YOUR INSTRUCTIONS:
Skip the pictures and repeat each line of the data exactly.

** ENTRIES SUPPLIED follows **

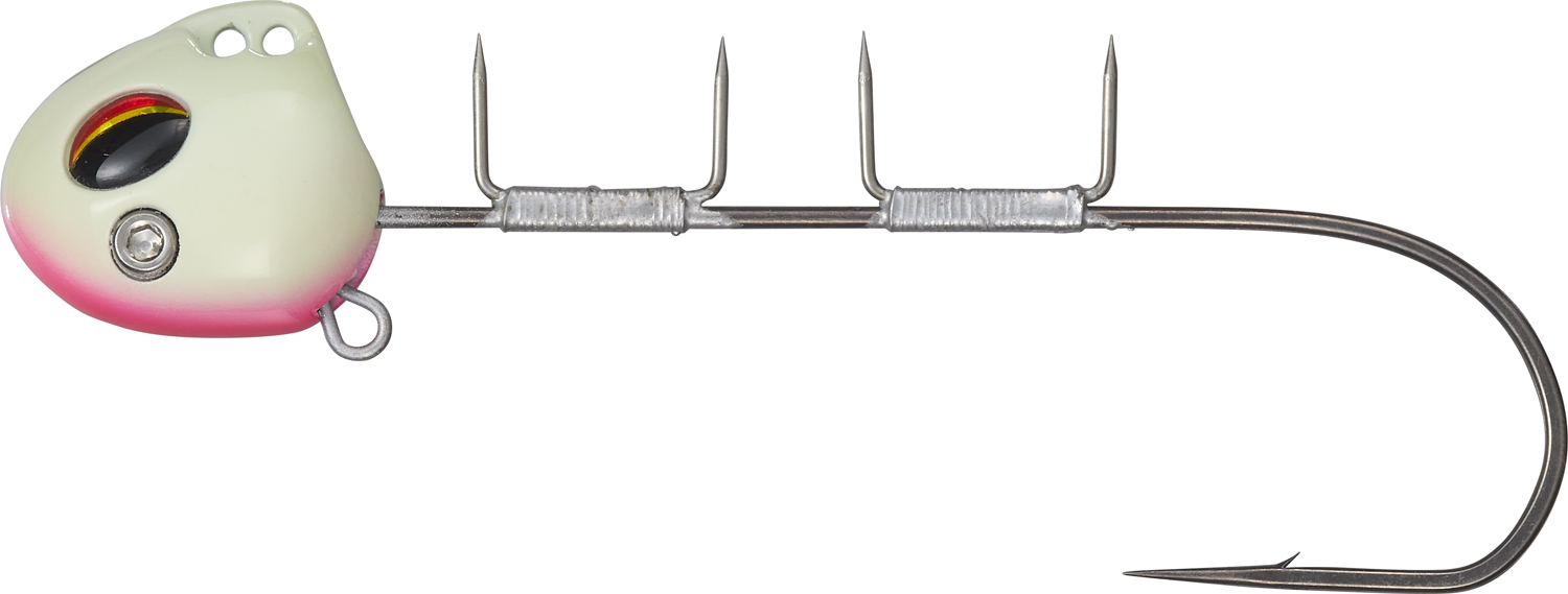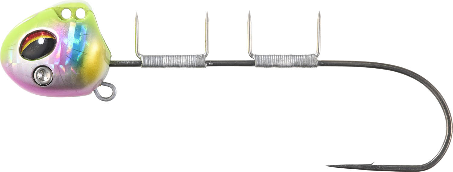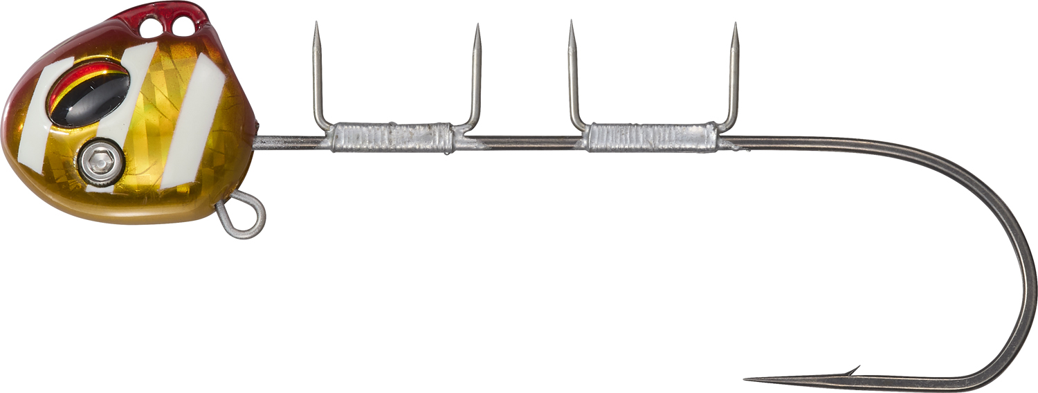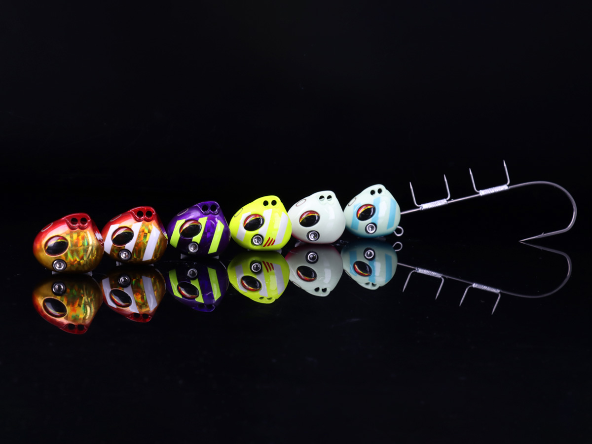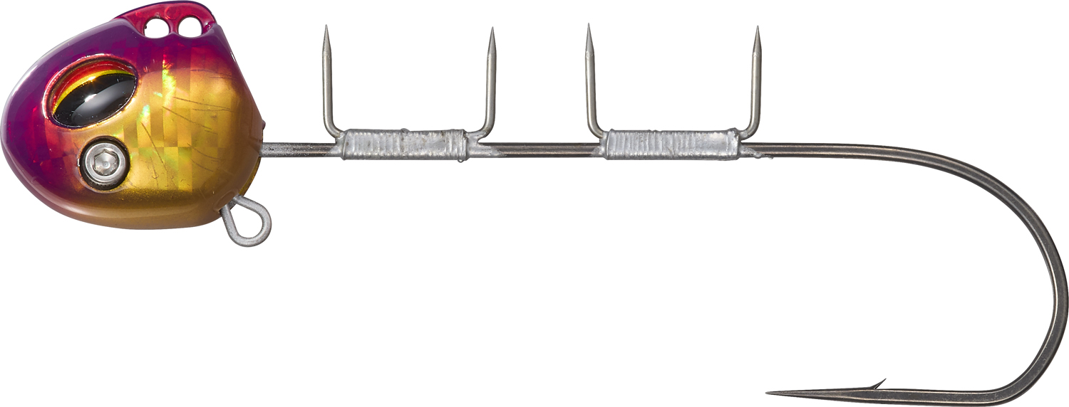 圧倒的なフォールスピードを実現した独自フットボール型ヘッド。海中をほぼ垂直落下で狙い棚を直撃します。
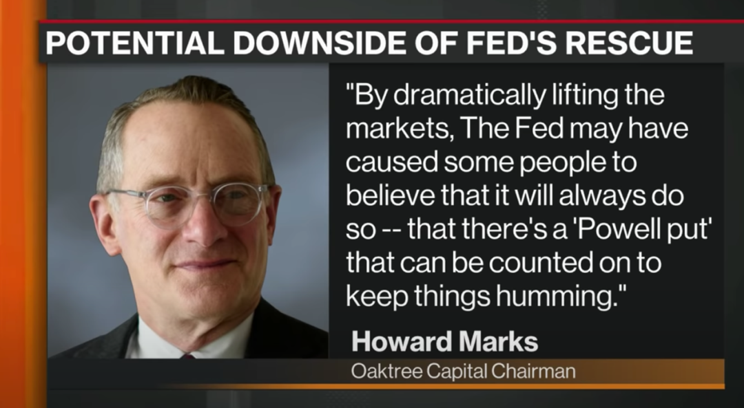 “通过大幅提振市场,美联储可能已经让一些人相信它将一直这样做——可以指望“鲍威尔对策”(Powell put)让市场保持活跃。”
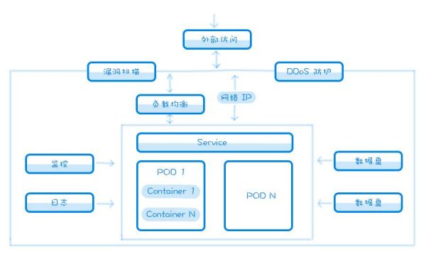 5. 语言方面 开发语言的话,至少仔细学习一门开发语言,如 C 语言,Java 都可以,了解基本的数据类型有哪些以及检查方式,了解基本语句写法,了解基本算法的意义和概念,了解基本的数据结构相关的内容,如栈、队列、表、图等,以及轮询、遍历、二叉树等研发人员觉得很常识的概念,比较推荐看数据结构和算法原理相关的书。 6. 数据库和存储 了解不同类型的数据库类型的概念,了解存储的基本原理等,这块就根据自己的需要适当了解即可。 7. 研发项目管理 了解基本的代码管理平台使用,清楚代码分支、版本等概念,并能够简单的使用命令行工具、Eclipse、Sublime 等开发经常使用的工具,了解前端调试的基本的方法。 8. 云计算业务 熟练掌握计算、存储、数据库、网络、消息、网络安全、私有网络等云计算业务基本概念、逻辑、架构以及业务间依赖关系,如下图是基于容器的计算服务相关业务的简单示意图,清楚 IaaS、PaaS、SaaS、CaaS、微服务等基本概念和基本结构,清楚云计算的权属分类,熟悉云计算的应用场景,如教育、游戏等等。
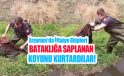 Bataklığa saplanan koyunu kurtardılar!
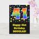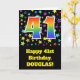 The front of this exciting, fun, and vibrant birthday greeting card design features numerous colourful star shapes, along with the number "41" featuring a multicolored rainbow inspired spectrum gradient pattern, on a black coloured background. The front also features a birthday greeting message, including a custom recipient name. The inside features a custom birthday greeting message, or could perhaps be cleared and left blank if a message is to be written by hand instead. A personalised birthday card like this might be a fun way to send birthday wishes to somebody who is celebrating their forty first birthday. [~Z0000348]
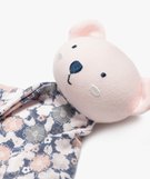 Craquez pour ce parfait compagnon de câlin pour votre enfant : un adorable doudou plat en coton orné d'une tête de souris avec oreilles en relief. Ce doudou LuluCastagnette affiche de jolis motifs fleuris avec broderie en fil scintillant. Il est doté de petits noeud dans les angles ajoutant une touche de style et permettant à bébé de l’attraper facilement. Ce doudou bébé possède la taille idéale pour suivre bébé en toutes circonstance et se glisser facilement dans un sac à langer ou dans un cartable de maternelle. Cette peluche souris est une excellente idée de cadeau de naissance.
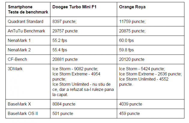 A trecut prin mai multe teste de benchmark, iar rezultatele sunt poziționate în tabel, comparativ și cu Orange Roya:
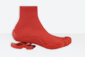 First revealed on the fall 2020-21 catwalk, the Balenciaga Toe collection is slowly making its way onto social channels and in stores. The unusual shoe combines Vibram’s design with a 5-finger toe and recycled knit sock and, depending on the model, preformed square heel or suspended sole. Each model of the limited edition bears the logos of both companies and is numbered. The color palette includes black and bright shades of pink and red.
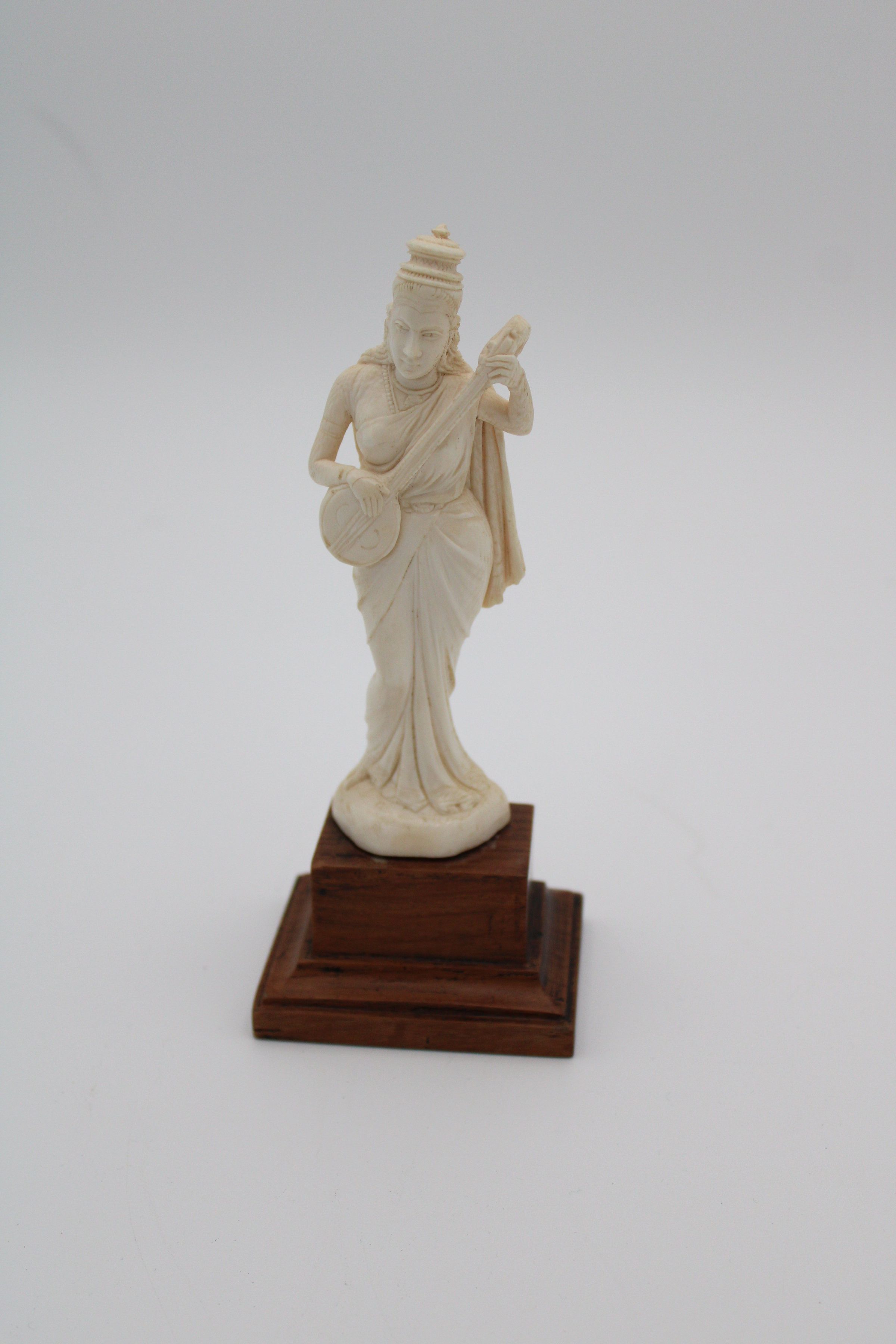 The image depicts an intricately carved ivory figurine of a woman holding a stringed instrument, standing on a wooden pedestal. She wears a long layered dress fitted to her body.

** End of ENTRIES SUPPLIED **

EXERCISE OUTPUT:
 圧倒的なフォールスピードを実現した独自フットボール型ヘッド。海中をほぼ垂直落下で狙い棚を直撃します。
 “通过大幅提振市场,美联储可能已经让一些人相信它将一直这样做——可以指望“鲍威尔对策”(Powell put)让市场保持活跃。”
 5. 语言方面 开发语言的话,至少仔细学习一门开发语言,如 C 语言,Java 都可以,了解基本的数据类型有哪些以及检查方式,了解基本语句写法,了解基本算法的意义和概念,了解基本的数据结构相关的内容,如栈、队列、表、图等,以及轮询、遍历、二叉树等研发人员觉得很常识的概念,比较推荐看数据结构和算法原理相关的书。 6. 数据库和存储 了解不同类型的数据库类型的概念,了解存储的基本原理等,这块就根据自己的需要适当了解即可。 7. 研发项目管理 了解基本的代码管理平台使用,清楚代码分支、版本等概念,并能够简单的使用命令行工具、Eclipse、Sublime 等开发经常使用的工具,了解前端调试的基本的方法。 8. 云计算业务 熟练掌握计算、存储、数据库、网络、消息、网络安全、私有网络等云计算业务基本概念、逻辑、架构以及业务间依赖关系,如下图是基于容器的计算服务相关业务的简单示意图,清楚 IaaS、PaaS、SaaS、CaaS、微服务等基本概念和基本结构,清楚云计算的权属分类,熟悉云计算的应用场景,如教育、游戏等等。
 Bataklığa saplanan koyunu kurtardılar!
 The front of this exciting, fun, and vibrant birthday greeting card design features numerous colourful star shapes, along with the number "41" featuring a multicolored rainbow inspired spectrum gradient pattern, on a black coloured background. The front also features a birthday greeting message, including a custom recipient name. The inside features a custom birthday greeting message, or could perhaps be cleared and left blank if a message is to be written by hand instead. A personalised birthday card like this might be a fun way to send birthday wishes to somebody who is celebrating their forty first birthday. [~Z0000348]
 Craquez pour ce parfait compagnon de câlin pour votre enfant : un adorable doudou plat en coton orné d'une tête de souris avec oreilles en relief. Ce doudou LuluCastagnette affiche de jolis motifs fleuris avec broderie en fil scintillant. Il est doté de petits noeud dans les angles ajoutant une touche de style et permettant à bébé de l’attraper facilement. Ce doudou bébé possède la taille idéale pour suivre bébé en toutes circonstance et se glisser facilement dans un sac à langer ou dans un cartable de maternelle. Cette peluche souris est une excellente idée de cadeau de naissance.
 A trecut prin mai multe teste de benchmark, iar rezultatele sunt poziționate în tabel, comparativ și cu Orange Roya:
 First revealed on the fall 2020-21 catwalk, the Balenciaga Toe collection is slowly making its way onto social channels and in stores. The unusual shoe combines Vibram’s design with a 5-finger toe and recycled knit sock and, depending on the model, preformed square heel or suspended sole. Each model of the limited edition bears the logos of both companies and is numbered. The color palette includes black and bright shades of pink and red.
 The image depicts an intricately carved ivory figurine of a woman holding a stringed instrument, standing on a wooden pedestal. She wears a long layered dress fitted to her body.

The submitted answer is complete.